» Brief:
Please transcribe every entry below exactly as written.

» Dataset records:
++++++

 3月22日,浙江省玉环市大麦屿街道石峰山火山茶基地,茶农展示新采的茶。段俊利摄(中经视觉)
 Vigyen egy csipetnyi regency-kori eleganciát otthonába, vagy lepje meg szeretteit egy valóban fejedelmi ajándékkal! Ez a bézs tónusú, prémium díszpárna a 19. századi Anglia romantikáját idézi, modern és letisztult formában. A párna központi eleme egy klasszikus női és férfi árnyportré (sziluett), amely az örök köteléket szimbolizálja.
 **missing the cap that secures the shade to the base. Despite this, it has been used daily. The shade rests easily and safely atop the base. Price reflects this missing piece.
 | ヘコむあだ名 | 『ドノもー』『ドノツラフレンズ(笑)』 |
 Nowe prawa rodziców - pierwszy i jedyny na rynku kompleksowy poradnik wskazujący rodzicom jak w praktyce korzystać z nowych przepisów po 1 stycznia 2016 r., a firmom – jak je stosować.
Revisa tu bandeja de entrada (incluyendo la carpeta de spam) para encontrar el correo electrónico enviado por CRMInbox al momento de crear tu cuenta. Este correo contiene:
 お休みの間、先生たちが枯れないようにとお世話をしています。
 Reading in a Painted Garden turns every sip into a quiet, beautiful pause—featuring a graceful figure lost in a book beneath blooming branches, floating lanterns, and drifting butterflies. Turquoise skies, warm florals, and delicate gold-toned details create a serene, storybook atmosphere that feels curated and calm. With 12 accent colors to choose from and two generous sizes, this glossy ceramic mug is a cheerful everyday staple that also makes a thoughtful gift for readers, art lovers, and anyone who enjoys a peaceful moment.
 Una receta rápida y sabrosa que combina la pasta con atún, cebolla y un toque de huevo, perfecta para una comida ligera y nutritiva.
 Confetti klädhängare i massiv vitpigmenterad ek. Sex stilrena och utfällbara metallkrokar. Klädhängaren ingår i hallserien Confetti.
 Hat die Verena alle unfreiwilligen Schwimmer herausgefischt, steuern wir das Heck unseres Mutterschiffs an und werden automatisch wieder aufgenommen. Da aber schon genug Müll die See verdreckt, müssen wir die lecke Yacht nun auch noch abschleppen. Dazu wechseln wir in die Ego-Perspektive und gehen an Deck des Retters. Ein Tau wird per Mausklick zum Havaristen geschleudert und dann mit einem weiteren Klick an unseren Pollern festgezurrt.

++++++

» Answer space:
 3月22日,浙江省玉环市大麦屿街道石峰山火山茶基地,茶农展示新采的茶。段俊利摄(中经视觉)
 Vigyen egy csipetnyi regency-kori eleganciát otthonába, vagy lepje meg szeretteit egy valóban fejedelmi ajándékkal! Ez a bézs tónusú, prémium díszpárna a 19. századi Anglia romantikáját idézi, modern és letisztult formában. A párna központi eleme egy klasszikus női és férfi árnyportré (sziluett), amely az örök köteléket szimbolizálja.
 **missing the cap that secures the shade to the base. Despite this, it has been used daily. The shade rests easily and safely atop the base. Price reflects this missing piece.
 | ヘコむあだ名 | 『ドノもー』『ドノツラフレンズ(笑)』 |
 Nowe prawa rodziców - pierwszy i jedyny na rynku kompleksowy poradnik wskazujący rodzicom jak w praktyce korzystać z nowych przepisów po 1 stycznia 2016 r., a firmom – jak je stosować.
Revisa tu bandeja de entrada (incluyendo la carpeta de spam) para encontrar el correo electrónico enviado por CRMInbox al momento de crear tu cuenta. Este correo contiene:
 お休みの間、先生たちが枯れないようにとお世話をしています。
 Reading in a Painted Garden turns every sip into a quiet, beautiful pause—featuring a graceful figure lost in a book beneath blooming branches, floating lanterns, and drifting butterflies. Turquoise skies, warm florals, and delicate gold-toned details create a serene, storybook atmosphere that feels curated and calm. With 12 accent colors to choose from and two generous sizes, this glossy ceramic mug is a cheerful everyday staple that also makes a thoughtful gift for readers, art lovers, and anyone who enjoys a peaceful moment.
 Una receta rápida y sabrosa que combina la pasta con atún, cebolla y un toque de huevo, perfecta para una comida ligera y nutritiva.
 Confetti klädhängare i massiv vitpigmenterad ek. Sex stilrena och utfällbara metallkrokar. Klädhängaren ingår i hallserien Confetti.
 Hat die Verena alle unfreiwilligen Schwimmer herausgefischt, steuern wir das Heck unseres Mutterschiffs an und werden automatisch wieder aufgenommen. Da aber schon genug Müll die See verdreckt, müssen wir die lecke Yacht nun auch noch abschleppen. Dazu wechseln wir in die Ego-Perspektive und gehen an Deck des Retters. Ein Tau wird per Mausklick zum Havaristen geschleudert und dann mit einem weiteren Klick an unseren Pollern festgezurrt.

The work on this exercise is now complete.